Dia 17 de maio é o Dia Mundial da Hipertensão, data voltada à conscientização sobre os riscos da pressão alta, que é uma condição que pode afetar coração, cérebro, rins e olhos. Na rotina de quem recebe o diagnóstico, uma das primeiras orientações costuma ser reduzir o consumo de sal.
A medida é importante, mas não explica tudo. Segundo a nutricionista Bela Clerot, pessoas com diabetes tipo 2, pré-diabetes, excesso de peso ou sinais de resistência à insulina também precisam olhar para a alimentação, os exames e os hábitos do dia a dia.
Na avaliação da nutricionista, muitos pacientes com pressão alta apresentam alterações metabólicas ao mesmo tempo, como gordura no fígado, triglicerídeos elevados, glicose alterada e resistência à insulina.
“Você não tem uma coleção de doenças. Você tem um problema metabólico que pode causar uma lista grande de sintomas”, afirma.
Dados do Vigitel Brasil 2006 a 2024, publicado pelo Ministério da Saúde em 2025, mostram que a frequência de adultos das capitais brasileiras e do Distrito Federal com diagnóstico médico informado de hipertensão passou de 22,6% em 2006 para 29,7% em 2024. O aumento foi de 7,1 pontos percentuais, o que equivale a cerca de 31% de crescimento relativo. No mesmo período, também avançaram indicadores associados à saúde metabólica. O excesso de peso foi de 42,6% para 62,6%, a obesidade de 11,8% para 25,7% e o diagnóstico médico informado de diabetes de 5,5% para 12,9%.

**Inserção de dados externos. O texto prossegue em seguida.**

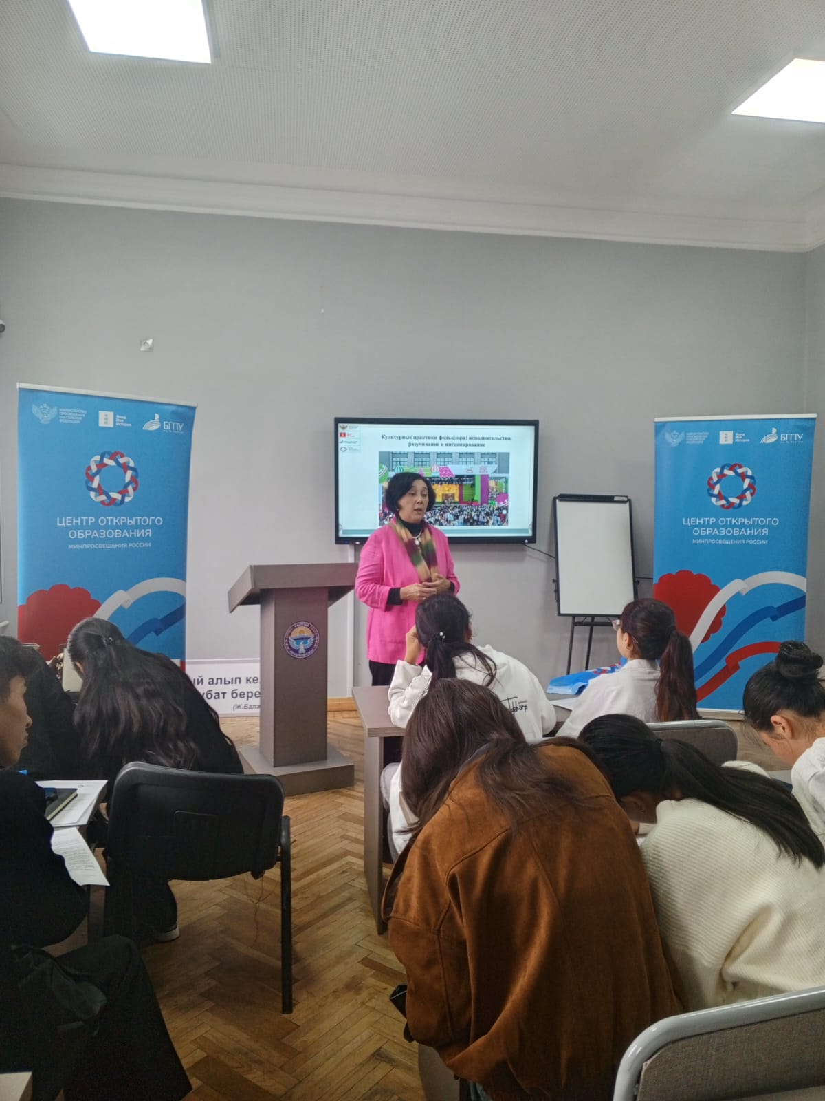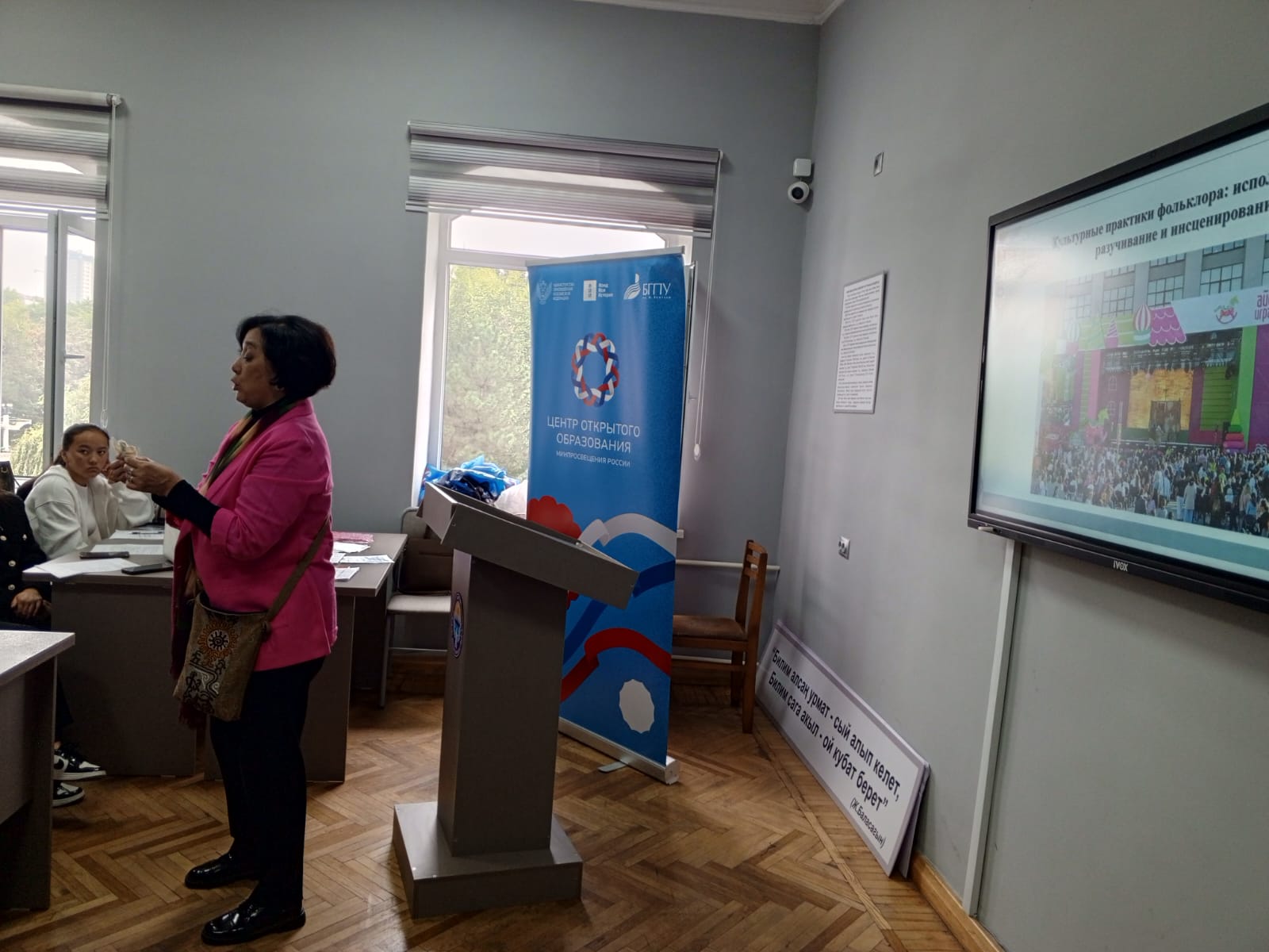 Она раскрыла язык ритуалов и игр в историческом ракурсе, рассказала о философских, исторических и мифологических основах народных игр, фольклорных танцев, праздников, сабантуев и народных традиций в целом. На примере круговых танцев (кыргызского Төгөрек и башкирского Төңөрәк) она показала их общие истоки, динамику развития и функциональное значение в современности. Также были объяснены исторические основы народных спортивных состязаний: куреш, конных скачек, силовых состязаний и культовых танцев. Такая подача материала вызвала большой отклик у аудитории.

Por que diabetes e pressão alta podem aparecer juntos
A hipertensão arterial é uma doença multifatorial. Pode envolver idade, genética, alimentação, sedentarismo, excesso de peso, consumo de álcool, tabagismo, estresse e outras condições de saúde.
Bela explica que, quando há resistência à insulina, o corpo precisa produzir mais insulina para lidar com a glicose no sangue. Esse quadro, de acordo com a nutricionista, pode contribuir para retenção de sódio, maior volume de líquido na circulação e alterações na parede dos vasos sanguíneos.
“O problema não é só o sal que a pessoa come. Em alguns casos, esse sal fica acumulado no corpo por outra razão”, diz.
A relação não é que o sal deixe de importar. Ainda de acordo com a nutricionista, o ponto é que a hiperinsulinemia, ou seja, o excesso de insulina circulante, pode favorecer a retenção de sódio e água pelos rins. Isso ajuda a explicar por que alguns pacientes observam queda da pressão com o avanço do controle metabólico, a redução dos picos de glicose e a menor resistência à insulina.
Por isso, ela defende que o cuidado com a pressão alta não fique restrito ao sal. Para ela, quem tem diabetes tipo 2, pré-diabetes, excesso de peso, glicose alterada ou sinais de resistência à insulina também precisa observar o consumo de açúcar, carboidratos, industrializados, sono, estresse e atividade física.
O que observar além do sal
Além de reduzir o excesso de sódio, Bela orienta que pessoas com pressão alta observem outros pontos da rotina e dos exames:
1. Consumo frequente de açúcar e carboidratos
Pão, arroz, macarrão, açúcar, sucos, frutas secas e o consumo frequente de frutas mais ricas em açúcar podem favorecer picos de glicose em pessoas predispostas. De acordo com Bela, a repetição desses picos pode levar o corpo a produzir mais insulina para tentar controlar a glicose no sangue.
2. Excesso de alimentos industrializados
Produtos prontos podem concentrar sódio e açúcar na mesma composição. Para Bela, essa combinação pode dificultar a percepção do excesso de sal e favorecer o consumo em maior quantidade.
3. Exames e sinais metabólicos associados
Pressão alta, diabetes tipo 2, gordura no fígado, triglicerídeos elevados, HDL baixo, glicose alta e excesso de peso podem aparecer juntos no mesmo paciente. A nutricionista afirma que, nesses casos, é importante investigar se há resistência à insulina por trás do quadro.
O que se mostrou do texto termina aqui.